7. Employer Cannot Rely on Outburst Unlawfully Provoked;

USPS and Pretlow, 367 NLRB No. 142

After being forced to reinstate an employee, the United States Postal Service (USPS) initiated a retaliatory performance review. In response, the employee allegedly became loud and argumentative, which the USPS seized-upon to end the meeting and fire the employee again.  That termination was also reversed because the National Relations Board decided that the USPS could not lawfully rely on an outburst that it unlawfully provoked.  See United States Postal Service and Larry Thurman Pretlow II, 367 NLRB No. 142.

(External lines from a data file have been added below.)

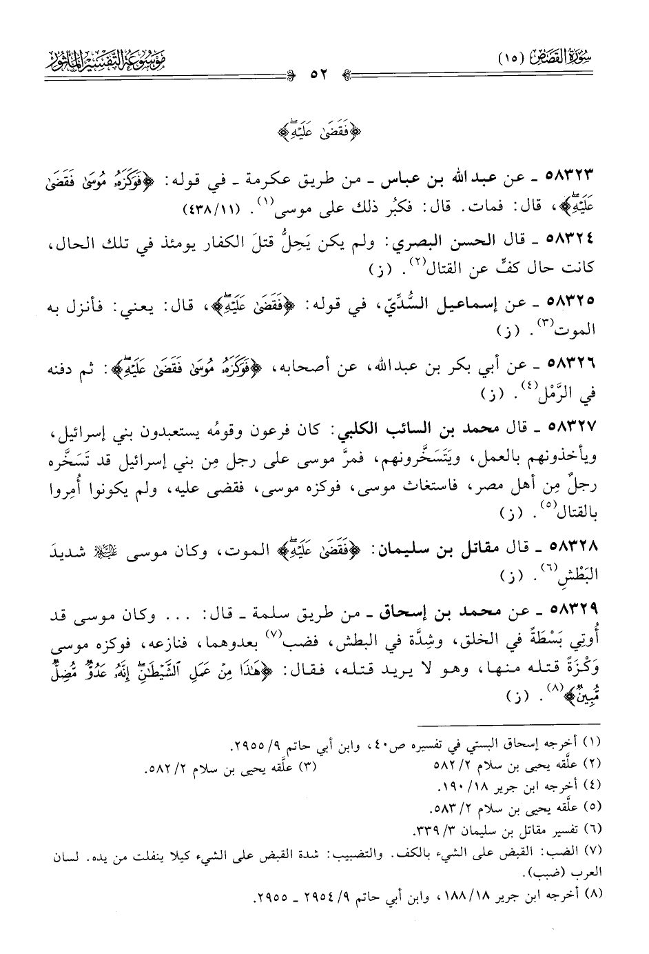 ٥٨٣٢٨ - قال مقاتل بن سليمان: {فقضى عليه} الموت، وكان موسى - عليه السلام - شديدَ البَطْشِ (¬٦). (ز)
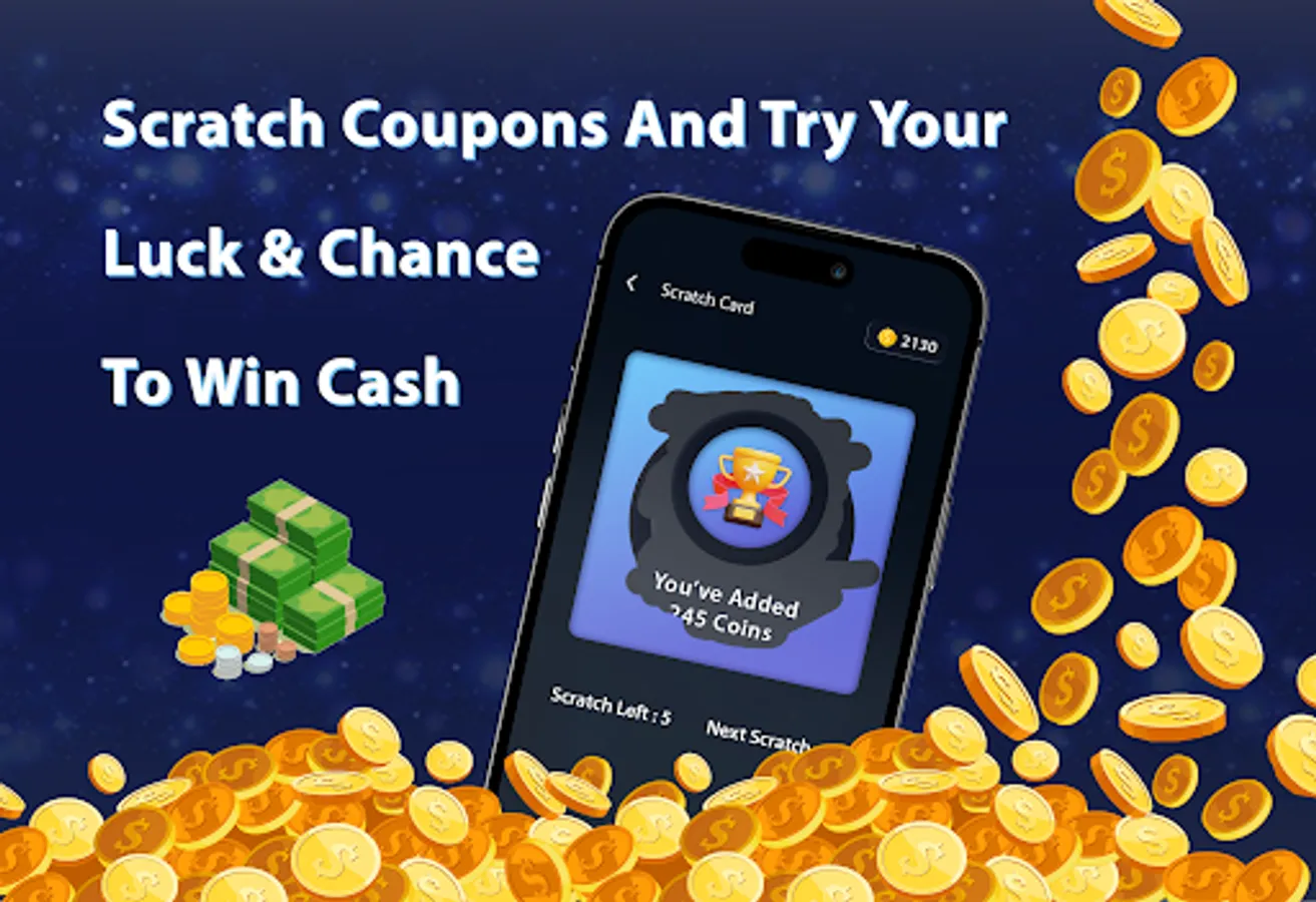 scratch to win cash - earn money now try your luck and open your scratch cards.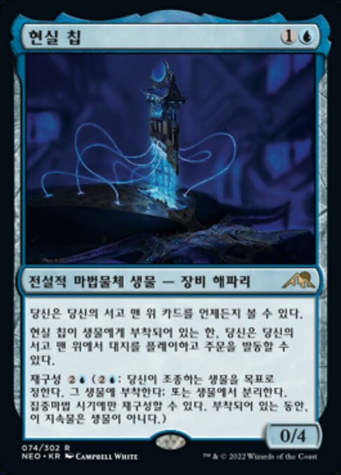 | Rules | You may look at the top card of your library any time. As long as The Reality Chip is attached to a creature, you may play lands and cast spells from the top of your library. Reconfigure (: Attach to target creature you control; or unattach from a creature. Reconfigure only as a sorcery. While attached, this isn't a creature.) |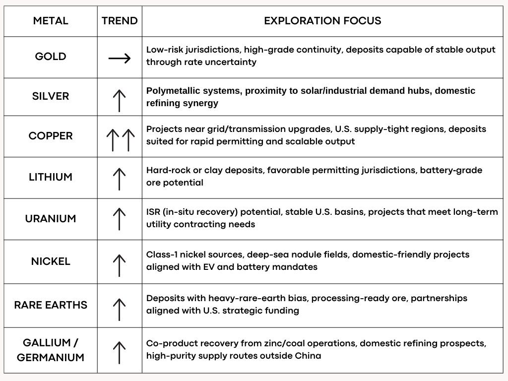 Uranium: Strong policy backing as nuclear rises as a national-security priority; exploration funding and utilities restocking fuel momentum.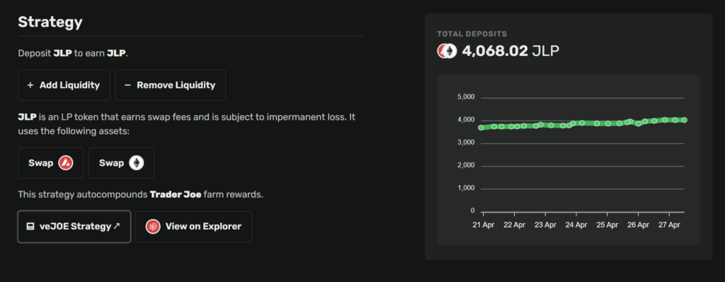 Dans chaque coffre-fort, avant de cliquer dessus, vous verrez la cryptocurrency ou le LP Token dont il s’agit, sous quelle plateforme il est utilisé, le % annuel que vous obtenez en APY, et le montant investi dans ce coffre-fort en TVL. Par exemple, avec USDC-AVAX, nous voyons qu’il s’agit de trader joe, avec un TVL de 7.27 Million et 30.34% APY.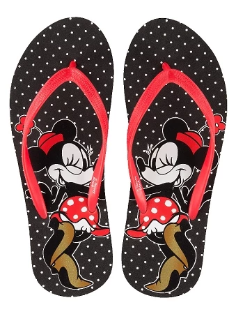 Have some fun in the sun in style with these cute Flip Flops with Minnie Mouse posing with a hat. This casual footwear smiles with sunny style for a walk on the beach or anytime.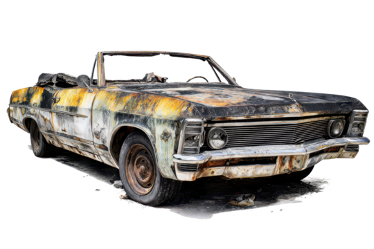 Artistic watercolor painting of a weathered and rusty classic american convertible car

This result is consistent with “black letter” law that employers cannot rely on circumstances of their own making to defend against claims of unlawful conduct.  E.g., Verdrager v. Mintz Levin Ferris Glovsky and Popeo, 474 Mass. 382, 398 (2016) (alleged performance deficiency that results from plaintiff being undermined supports finding of unlawful motive); Boothby v. Texon, 414 Mass. 468, 481-482 (1993) (alleged insubordination excused as caused by the nature of employer’s request); Harrison v. Boston Financial Data Services, Inc., 37 Mass.App.Ct. 133, 137-138 (1994) (employee’s alleged limitations caused by employer’s unlawful withholding of career opportunities); Trustees of Boston University v. National Labor Relations Board, 548 F. 2d 391, 392 (1977) (recognizing leeway for employee’s impulsive behavior in response to employer’s wrongful provocation); but see Monteiro v. Poole Silver Company, 615 F. 2d 4 (1980) (such leeway not extended to employee who cannot demonstrate he is acting in opposition to actual or supposed wrongful conduct).

HEADS UP

8. Are Lost Commissions Trebled Under the Wage Act?

Parker v. Enernoc, Inc., SJC-12703

The Massachusetts Wage Act (the “Wage Act”) makes it unlawful for an employer to retaliate against an employee for asserting his or her rights to wages, and provides a prevailing plaintiff with three times his or her lost “wages.” In Parker v. Enernoc, Inc., the Massachusetts Supreme Judicial Court will soon decide whether lost commissions resulting from Wage Act retaliation are lost “wages” which should be trebled.

In Parker, the plaintiff closed a very large deal, raised concerns about her compensation, and – the jury found – was terminated for doing so. Under the commission plan, sales employees received a commission payment one year into a deal – when it became clear that the customer had not canceled. The jury awarded Ms. Parker the commission payment she would have earned one year into the deal as damages.

The trial judge, however, declined to treble the amount. Under the Wage Act, commissions are “wages” – and thus trebled, when unpaid – if they are “definitively determined” and “due and payable.” The trial judge reasoned that the lost commissions were not “due and payable” at the time of termination, and thus were not “wages” to be trebled.

The Supreme Judicial Court will be considering this case, likely sometime this year.